[Haskell-cafe] Annoucing alternative to Text.Regex

Tue Mar 7 17:26:37 EST 2006

This message is cross-posted to haskell-cafe at haskell.org and libraries at haskell.org

Hi,

  Working on the shootout (specifically
http://shootout.alioth.debian.org/gp4/benchmark.php?test=regexdna&lang=all ), it
was impossible to use Text.Regex since it was too slow (it would reach the
timeout limit, such as an hour, where TCL takes 3.21 seconds ).

  So we had to work around this by implementing our own regex engine.  I have
tooled up an all-parsec version that I think can be a nearly drop-in-alternative
to Text.Regex.  I will describe it a bit and then ask for advice.

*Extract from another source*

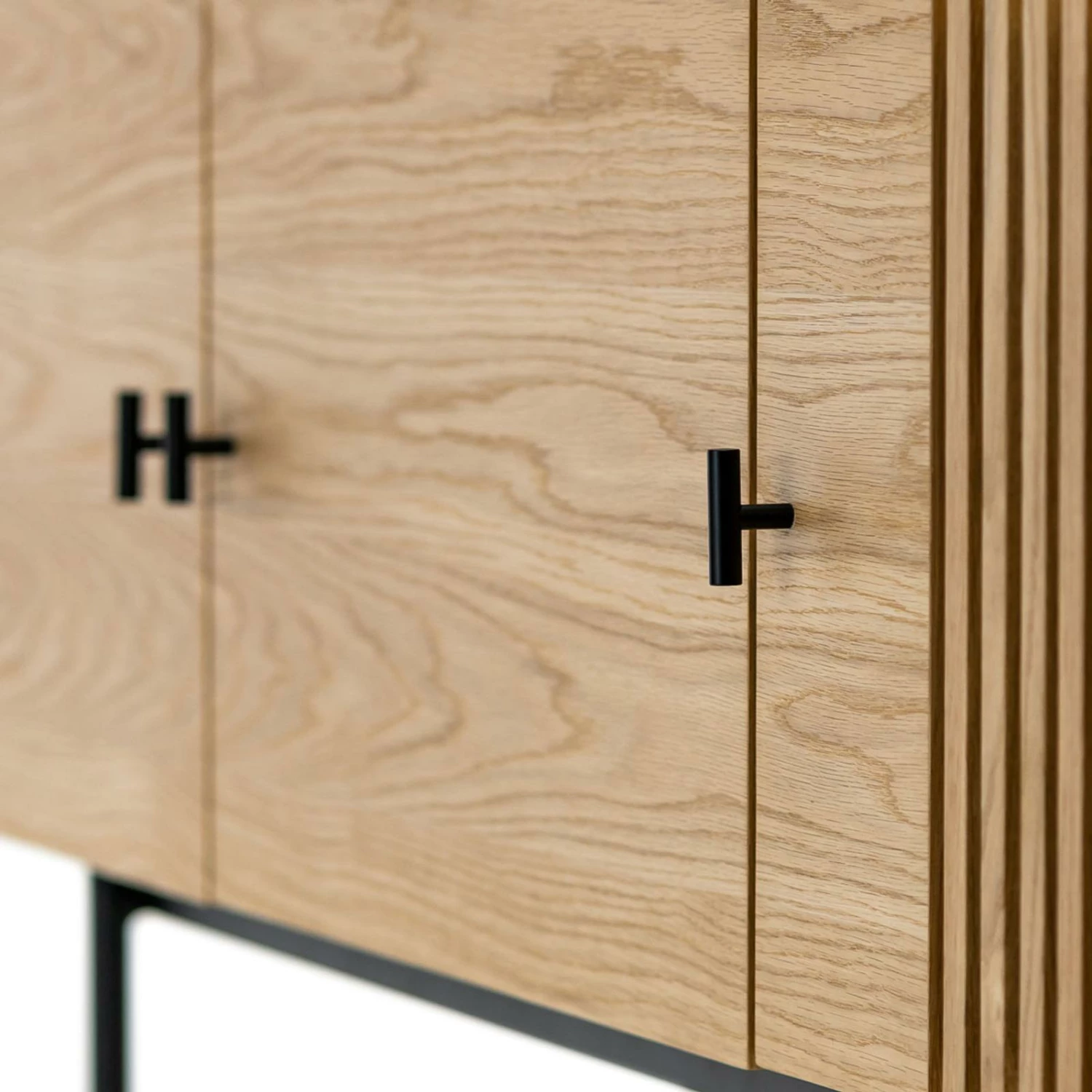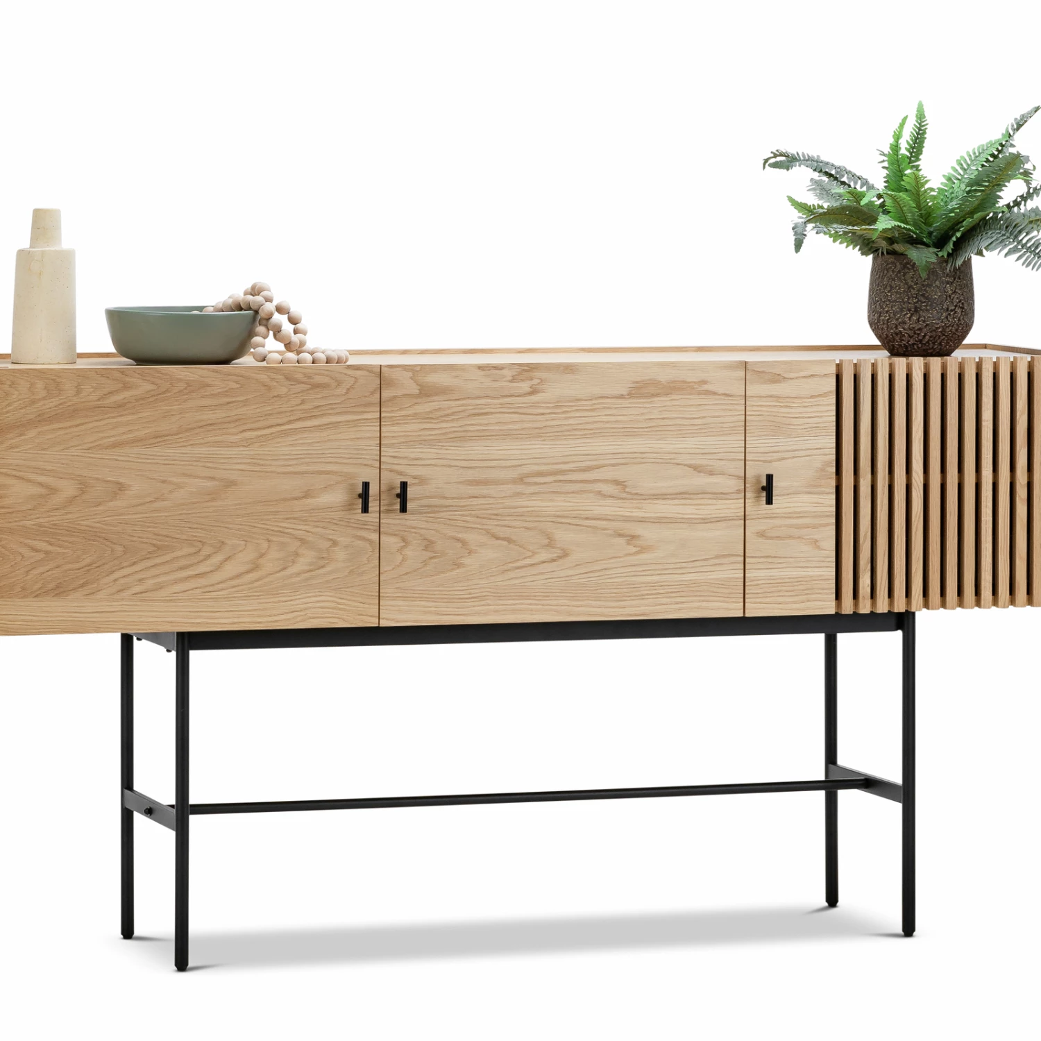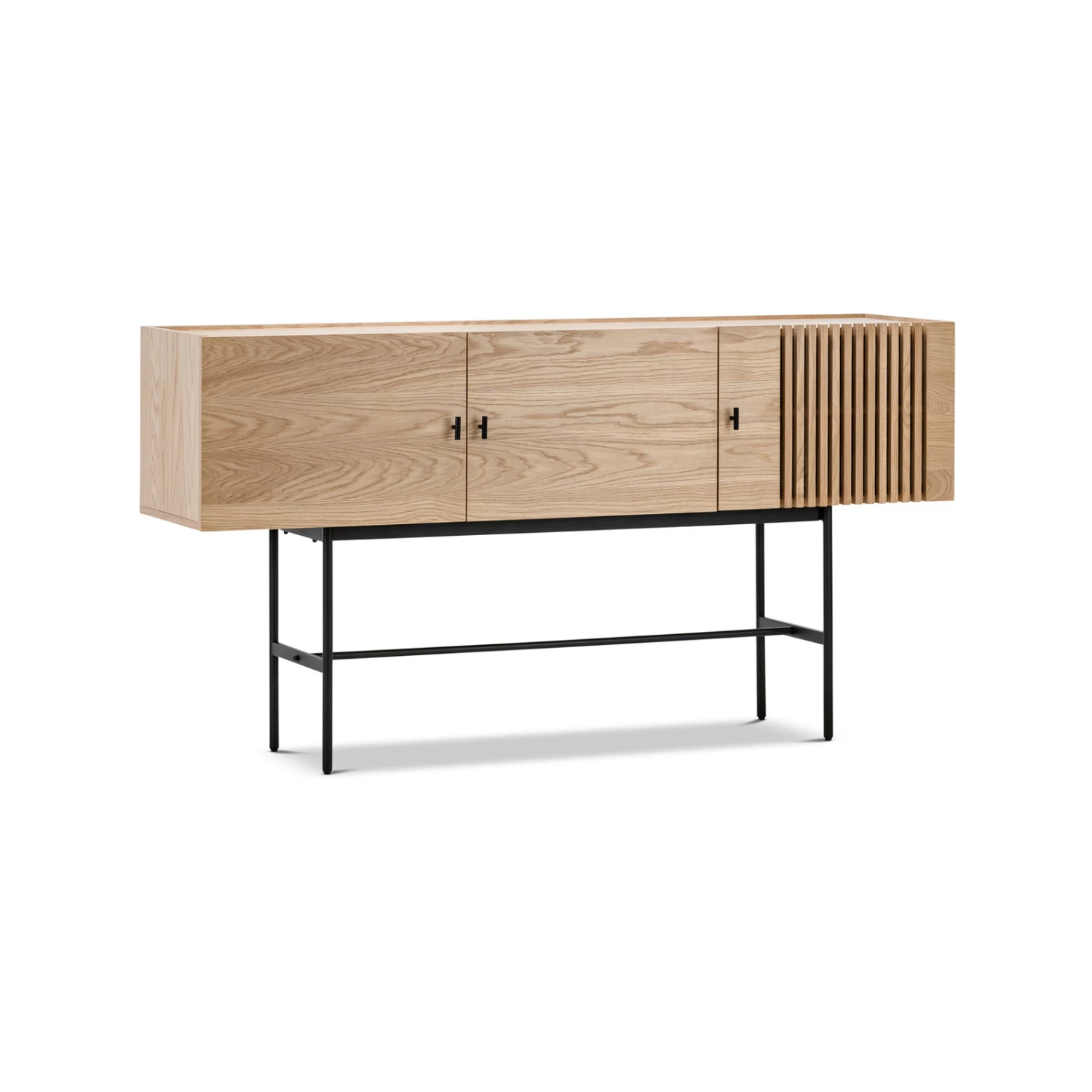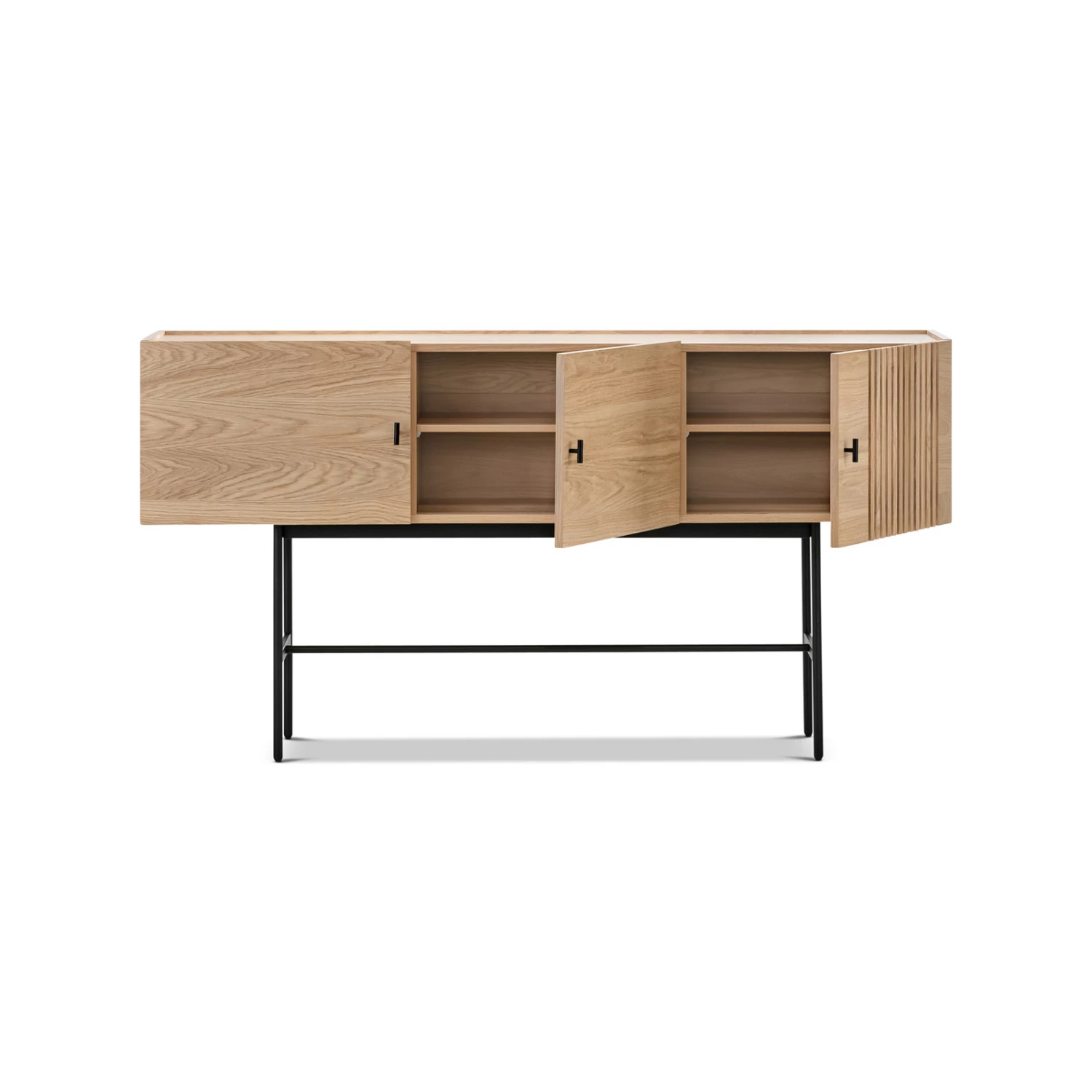 The Xaviar series presents beautiful modern geometric shapes with hints of simple sophistication. The Xaviar Array Sideboard was inspired by the wood slate cladding of modern architecture. The Vertical lines allow for a visual movement from top to bottom. The asymmetrical pattern adds a measure of depth to its organic Natural Oak Wood while hiding storage practically in plain sight. The slate doors create an illusion of transparency, peaking the user’s curiosity as to what is hidden behind closed doors. Sitting on slender black metal frame legs, suspending the sideboard at just the right level for easy reach when putting things away. Who knew functionality and aesthetics could be paired so well together.

It takes the string form of the regular expression and uses Parsec to create a
(data Pattern) tree structure.  This recognizes all of "man re_format" including
back references, missing only the [[:>]] or [[<:]] extension (word boundaries).
 It also accepts new modifiers '?' and '+' to be used like "a*?" and "a*+" for
lazy and possessive matching.

The Pattern form is amenable to simplification, and some easy simplification are
performed.

Then the Pattern is transformed in a Parsec parser that will match the input
(from the beginning only) and return all the captured sub-expressions.  It also
supports (get|set|update)UserState functions.  It should return the longest
match when all the pattern elements are greedy, i.e. no lazy or possessive
modifiers are used.  With lazy or possessive modifiers the longest alternative
is used, but this may not be the longest overall match.  (Parsec keeps track of
line and column position, but not the number of characters, which had to be added.)

Note that the pattern "(.)Q\1" can be used to match strings like "aQa", and
"(a|b\1)+" matches all of "ababba".

The Text.Regex compatibility code embeds the generated Parsec parser into more
complicated parsers and runs them to emulate the different functions in the
Text.Regex interface.

It is possible to extend all of this in several ways:
  1) Turn the Pattern into simpler parsec, e.g. if the expression captures are
not needed
  2) When possible, turn the Pattern into a faster DFA parser instead of Parsec
  3) Create parsers that with different semantics than "longest match", e.g.
left-biased
  4) Creates parsers that return all matches
  5) Employ smart optimizations for special forms of Pattern
  6) With an earlier version, I made a proof of principle String -> ExpQ
transformer that created Parsec at compile time using Template Haskell.  This
could be updated.

Not done: testing.  (If you have clever things to throw at it, pass them along).
 Not done: benchmarking (though it should usually beat Text.Regex).

And now I want to ask for advice.  If there is interest I could post the code
somewhere, but I don't own a stable place to put it at the moment.  Is there a
canonical place on the net to put small Haskell modules (28 kB uncompressed) ?
Is there some darcs-repository I could insert it into ?

Also, is there a library style guide somewhere with best practices?